Sometimes this comes in the form of points-based systems where the balance doesn’t translate into a worthwhile reward value, or the rewards available aren’t suitable for your employee demographic, or the item you did choose gets lost in the mail – the list goes on.
ANTIDOTE: Give your people accessible and true-to-value rewards. Almost everything we do is personalized these days, and we should strive to make rewards meaningful, too. Also, providing employees the option to receive it immediately means you don’t lose the momentum of that moment of recognition.
5. It’s generic – Your program doesn’t feel like it’s yours!
When your recognition and reward system survives on an off-the-shelf platform that doesn’t really reflect your company aside from maybe a logo – it’s dull and your people see it as just another system to log into. When your program is disconnected from their everyday work flow, the result is… no one cares. You get abysmal login or participation rates.
ANTIDOTE: Use your recognition program as an opportunity to create a space that brings your employer brand to life. The colors, images, layout and the language should reflect your company’s personality, your current priorities and your company culture.
6. Poor adoption – when you struggle to keep up the momentum
My heart goes out to the HR business partners and employee engagement managers who I’ve spoken to who have gone all out to redesign and launch a brand new recognition and reward program… only to have a small fraction of their people actually log in and use it.
Recognition and reward shouldn’t be considered an “add on” to your work life – it should be a fundamental part of how your people operate. But clunky systems that are difficult to access or offer a poor user experience, or recognition frameworks that haven’t evolved as your business or your teams have grown, too easily become cumbersome or irrelevant.
ANTIDOTE: To create a culture of recognition, it really needs to be ingrained in everything your people see and do. It might be as simple as implementing single-sign on or providing an employee engagement mobile app that allows employees to give recognition or redeem their rewards on the go. Or, integrate recognition moments into communication channels like Slack, email and publish recent recognition messages on TVs in different offices.
7. Support: Where do I get help?
Running an R&R program usually takes more time than we ever think it will. Sometimes the paperwork and manual handling alone is so overwhelming we just want to throw it in the “too hard” basket.
If you’re spending way too much time collecting and counting votes, topping up the supply of vouchers in the office, chasing up rewards that have been lost in transit, or on the phone with a call center support person who isn’t quite sure what you are trying to achieve with your recognition strategy, it may be time to seek a more satisfying solution.

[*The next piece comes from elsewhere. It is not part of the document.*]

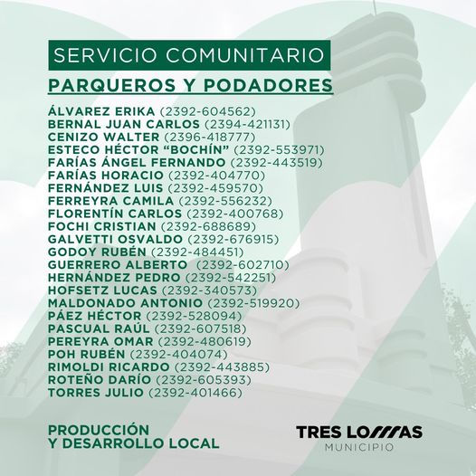 La Dirección de Producción de la Municipalidad de Tres Lomas pone a disposición de la comunidad el Listado de parqueros y podadores.

ANTIDOTE: Seek out the experts – any recognition and reward company worth their salt will provide you a client success manager who’s going to partner with you to help you not just build a program that’s exciting, but will support you in implementing that framework, communicating with your people, and understanding program performance over time. As your company grows and evolves, so will your employees’ needs, so it’s important to partner with a vendor who’s willing to take that journey with you and adapt as you need them to.
Just as the communication tools that we used in the 80s and 90s wouldn’t cut it for today’s fast-paced workforce, using the recognition and reward techniques that were introduced decades ago will miss the mark today and leave you and your people disengaged.
Even if you start tackling just one of these seven frustrations, you will be on the path to delivering a better experience for your people. When you focus on how to create a culture of recognition in your business, you can start truly moving that elusive needle on employee engagement.